**SUPPLIED DATA**
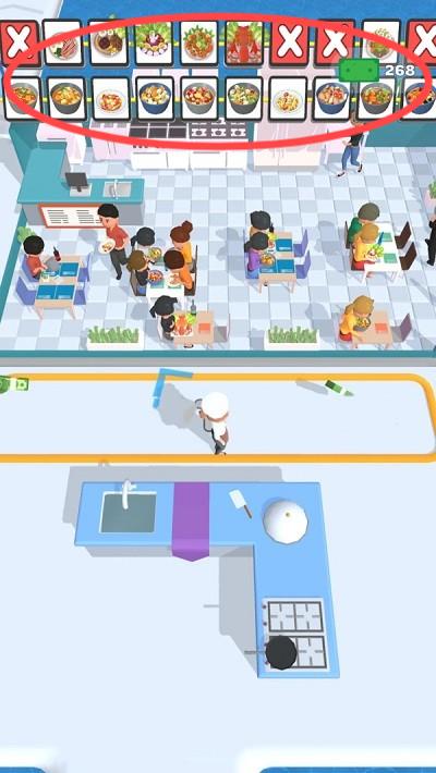 3、最上方圈起来的是每个客人所点的食物,我们要根据菜单进行制作食物。
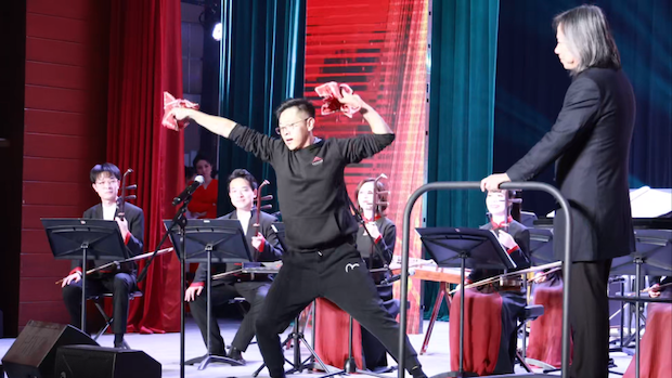 北京民族乐团副团长宋艺博以打击乐领奏登场,演绎经典乐曲《龙腾虎跃》。本次漠河演出中,宋艺博团长更兼任本场演出导演,结合漠河民俗特色,在乐曲编排上融入诸多创意灵感,以专业创排与精彩领奏,尽显诚意与实力。
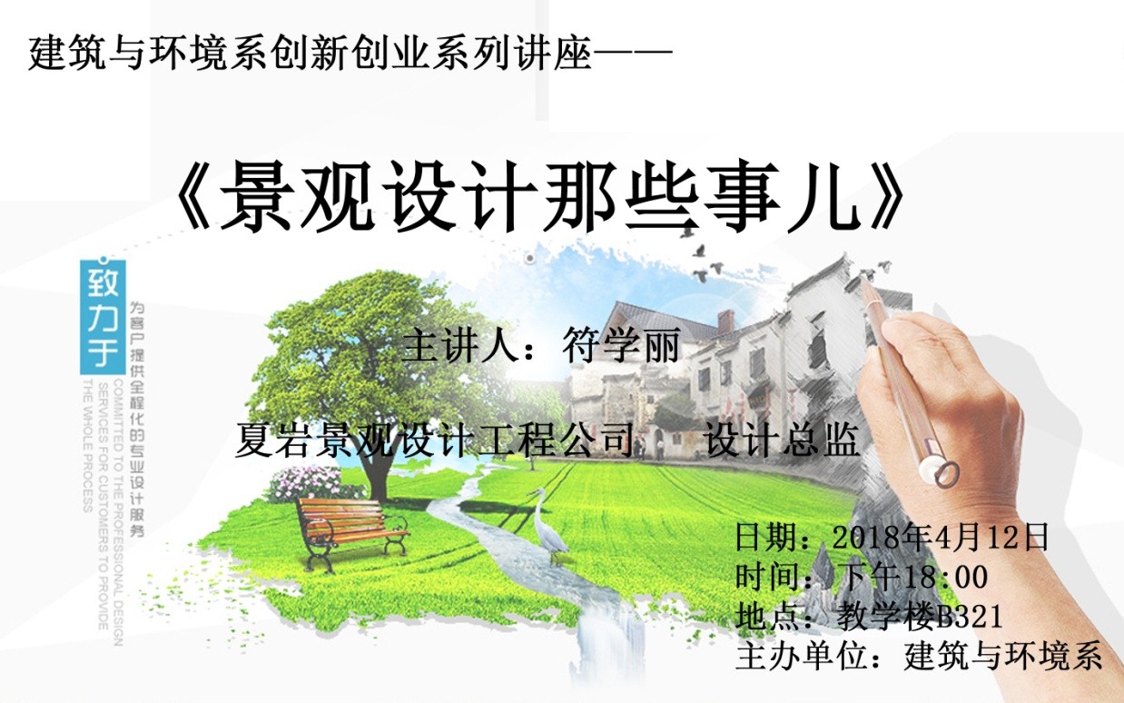 2018年4月12日,夏岩景观设计工程公司设计总监符学丽在教学楼B321做了关于《景观设计那些事儿》的专业讲座。
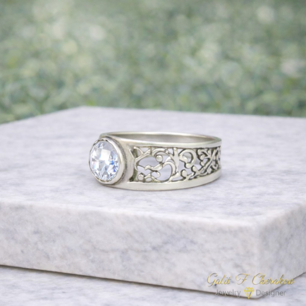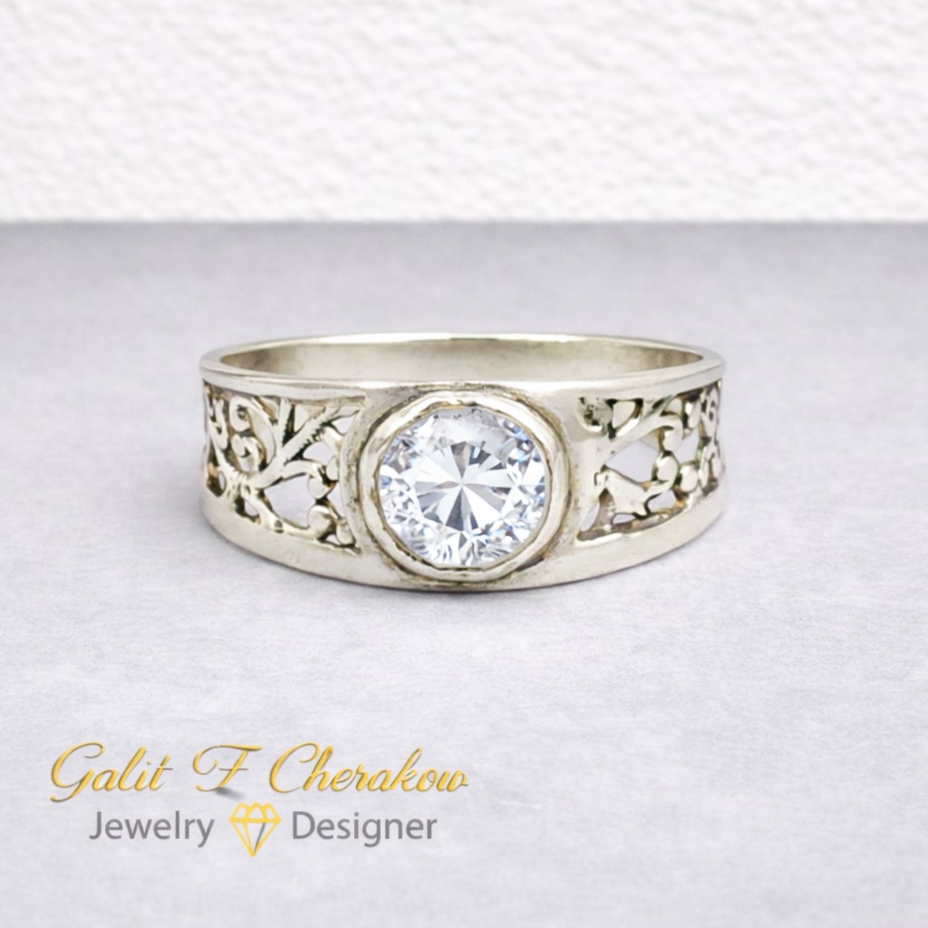 עמוד הבית | חנות | טבעת כסף מעודנת וזירקון
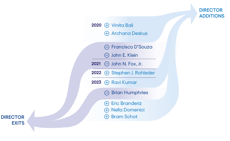 The Board strives to optimize its balance of skills, knowledge, experiences and tenures to provide Cognizant with effective directors who can help navigate its changing business needs. In February 2023, Cognizant appointed two independent directors to its Board, Eric Branderiz and Nella Domenici, followed by Abraham “Bram” Schot in April 2023. Each of our new directors brings a wealth of knowledge and experience to the Board.
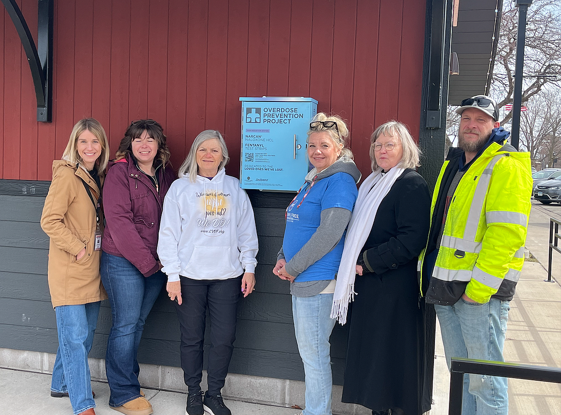 The public restroom building at Moberg Park on Highway 8 in Chisago City is where this fentanyl response kit has been installed on the west side of the structure. It contains Naloxone (nasal spray form) and fentanyl test strips. These are regularly stocked inside the storage box available free, for use in the fight against overdose deaths from fentanyl. Please take what you will use but please don’t hoard. The organization Fentanyl Free Communities is offering all-hours access to combat overdose. Established Naloxone Access Points where products like Narcan are publicly accessible, are generally inside of buildings not open 24/7. This Fentanyl Free Communities station is provided using opioid lawsuit settlement monies administered through the Chisago County Opioid Action Council. There are 10 total stations now in Minnesota, and this Chisago City box is the first in Chisago County. Pictured are Michele Hein, FFC; Pastor Sarah Kerkes, council member; two staffers with Chisago City Parks, and city park Supt. Doris Zacho who is also on the council and a representative for county public health.
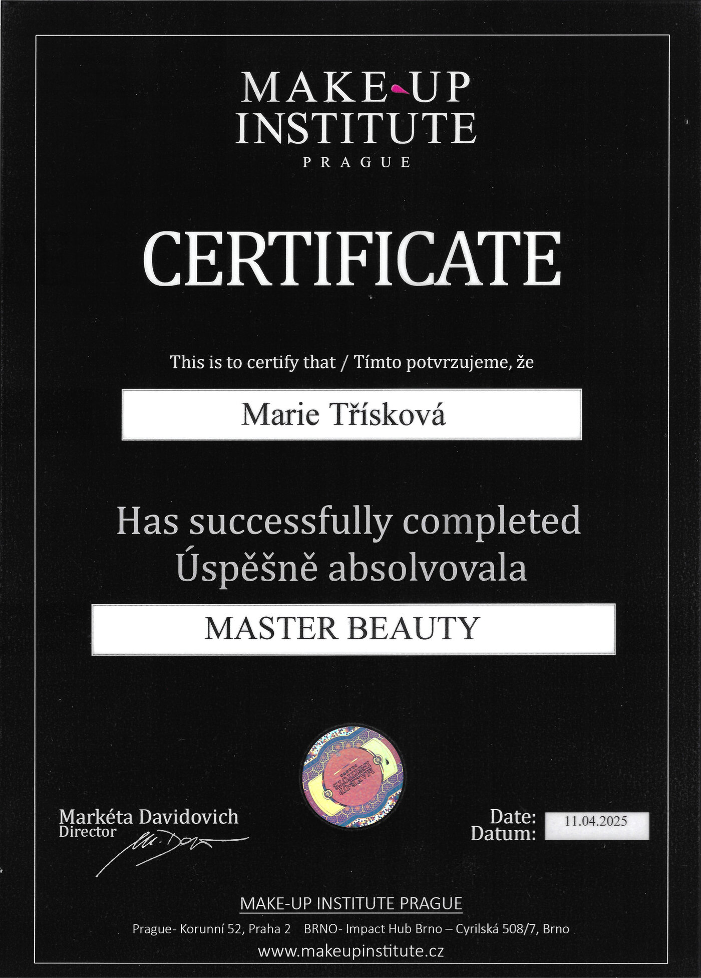 Jmenuji se Marie Třísková a jsem certifikovaná vizážistka se specializací na profesionální make-up pro různé příležitosti – od svateb, přes focení, až po společenské akce. Vizážistika je pro mě nejen prací, ale i vášní, kterou žiji každý den.

**PROBLEM**
Nothing but the records, restated word for word and stripped of images, belongs in the answer.

**FINAL ANSWER**
 3、最上方圈起来的是每个客人所点的食物,我们要根据菜单进行制作食物。
 北京民族乐团副团长宋艺博以打击乐领奏登场,演绎经典乐曲《龙腾虎跃》。本次漠河演出中,宋艺博团长更兼任本场演出导演,结合漠河民俗特色,在乐曲编排上融入诸多创意灵感,以专业创排与精彩领奏,尽显诚意与实力。
 2018年4月12日,夏岩景观设计工程公司设计总监符学丽在教学楼B321做了关于《景观设计那些事儿》的专业讲座。
 עמוד הבית | חנות | טבעת כסף מעודנת וזירקון
 The Board strives to optimize its balance of skills, knowledge, experiences and tenures to provide Cognizant with effective directors who can help navigate its changing business needs. In February 2023, Cognizant appointed two independent directors to its Board, Eric Branderiz and Nella Domenici, followed by Abraham “Bram” Schot in April 2023. Each of our new directors brings a wealth of knowledge and experience to the Board.
 The public restroom building at Moberg Park on Highway 8 in Chisago City is where this fentanyl response kit has been installed on the west side of the structure. It contains Naloxone (nasal spray form) and fentanyl test strips. These are regularly stocked inside the storage box available free, for use in the fight against overdose deaths from fentanyl. Please take what you will use but please don’t hoard. The organization Fentanyl Free Communities is offering all-hours access to combat overdose. Established Naloxone Access Points where products like Narcan are publicly accessible, are generally inside of buildings not open 24/7. This Fentanyl Free Communities station is provided using opioid lawsuit settlement monies administered through the Chisago County Opioid Action Council. There are 10 total stations now in Minnesota, and this Chisago City box is the first in Chisago County. Pictured are Michele Hein, FFC; Pastor Sarah Kerkes, council member; two staffers with Chisago City Parks, and city park Supt. Doris Zacho who is also on the council and a representative for county public health.
 Jmenuji se Marie Třísková a jsem certifikovaná vizážistka se specializací na profesionální make-up pro různé příležitosti – od svateb, přes focení, až po společenské akce. Vizážistika je pro mě nejen prací, ale i vášní, kterou žiji každý den.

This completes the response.